Jane Tolmie (PhD Harvard, DPhil Oxon, Rhodes Scholar) is a medievalist and literature and comics specialist with research interests in: performance and theatre (medieval and modern); sequential art; science fiction and fantasy; feminist, queer, and gender theory; autobiography/self-narration; and social justice. Her current research projects engage with critical disability studies and storytelling, and reproductive justice in popular culture. She supervises MA and PhD students in a range of disciplines including Gender Studies, English, Cultural Studies, and Education.
She is a poet, feminist activist, blogger (HuffPo), and a member of Informed Opinions. She regularly contributes interviews on topics in feminist studies and popular culture, e.g. “Do trigger warnings create a safe space for students, or coddle them?” Interview.

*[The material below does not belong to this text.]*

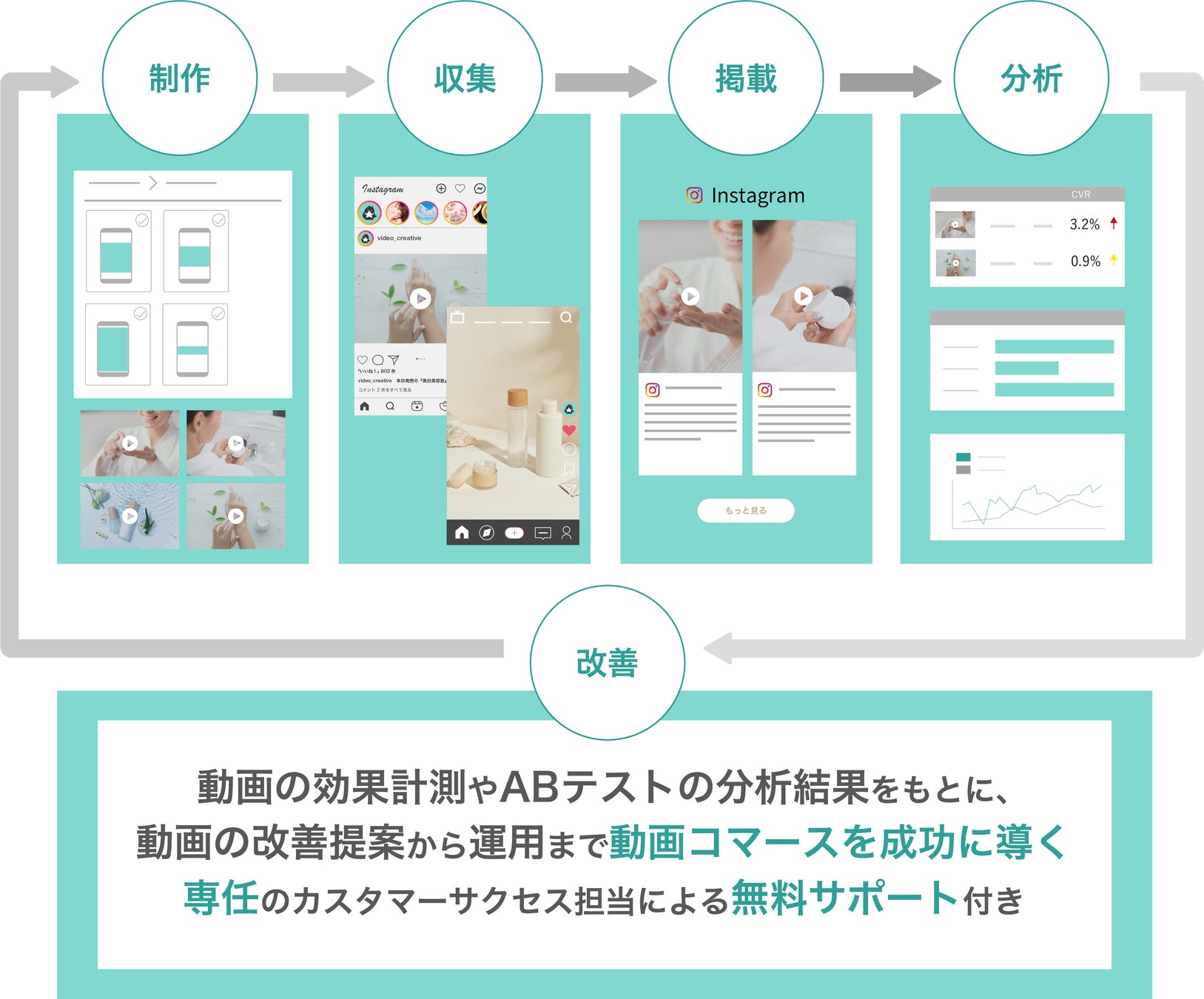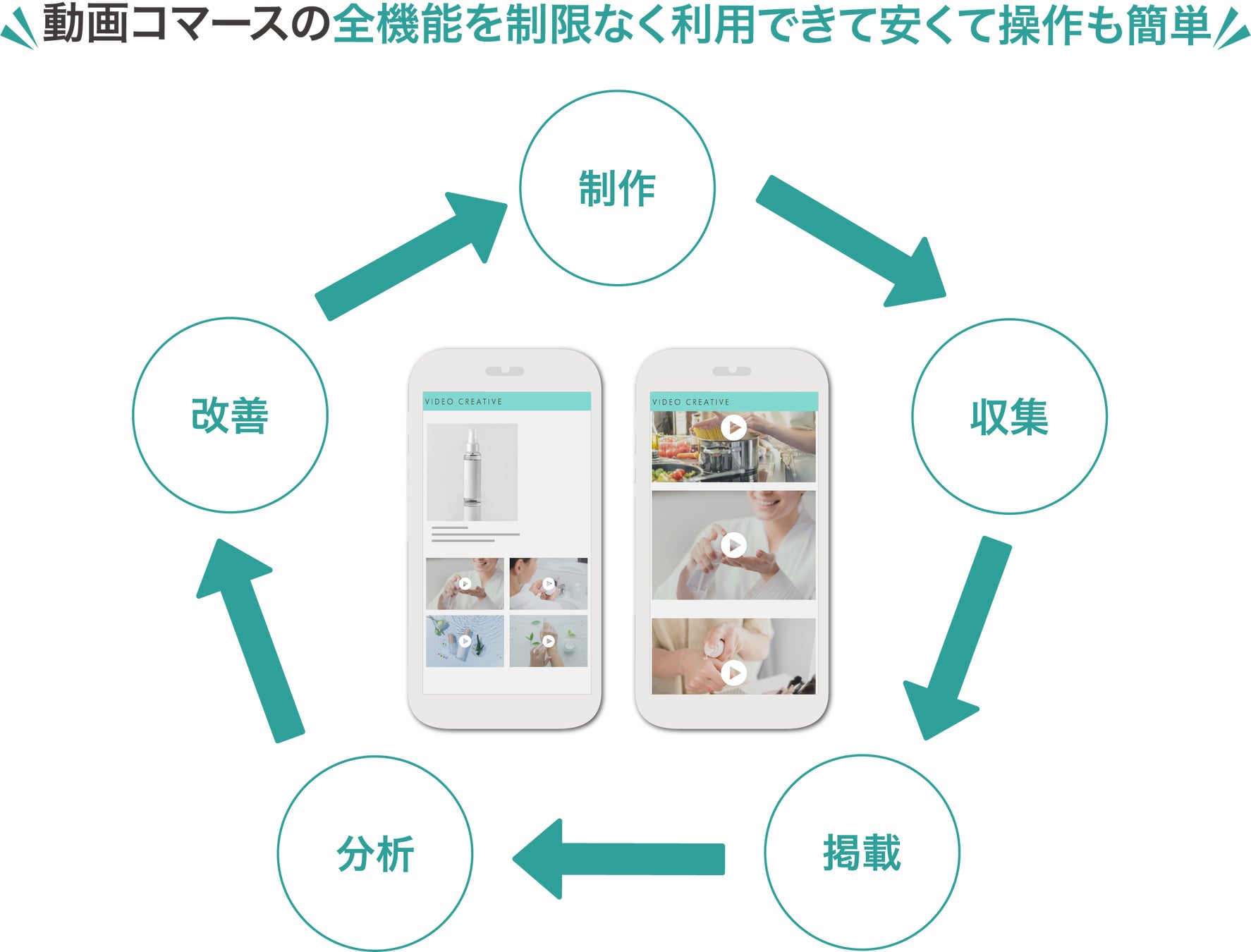 社内に動画を制作するリソースがない企業様、動画をLPやECサイトにただ貼りつける(埋め込む)だけで動画コマースの分析(動画視聴率、CVR)をしていない企業様など、「VIDEOクリエイティブ」を使えば、自社ECサイトやLPなどのあらゆる箇所に動画を簡単に掲載し、分析し、その分析結果をもとに改善するまでの「運用型動画コマース(=動画制作⇒収集⇒掲載⇒分析⇒改善)」を一気通貫で自動化させることが可能です。

CBC Radio The Sunday Edition. 29 November, 2015.
In connection with her work in popular culture, in this case the practice of fanvidding, she is an advocate of public and academic engagement with fandom; see appendix O of a case brought before the U.S. Copyright office at the library of Congress in 2011.
Jane is an Associate Professor in Gender Studies, cross-appointed to English and affiliated with the graduate program in Cultural Studies.
Comics and sequential art, feminism, queer theory, reproductive justice, theatre and performance, science fiction, fantasy, disability studies, art activism.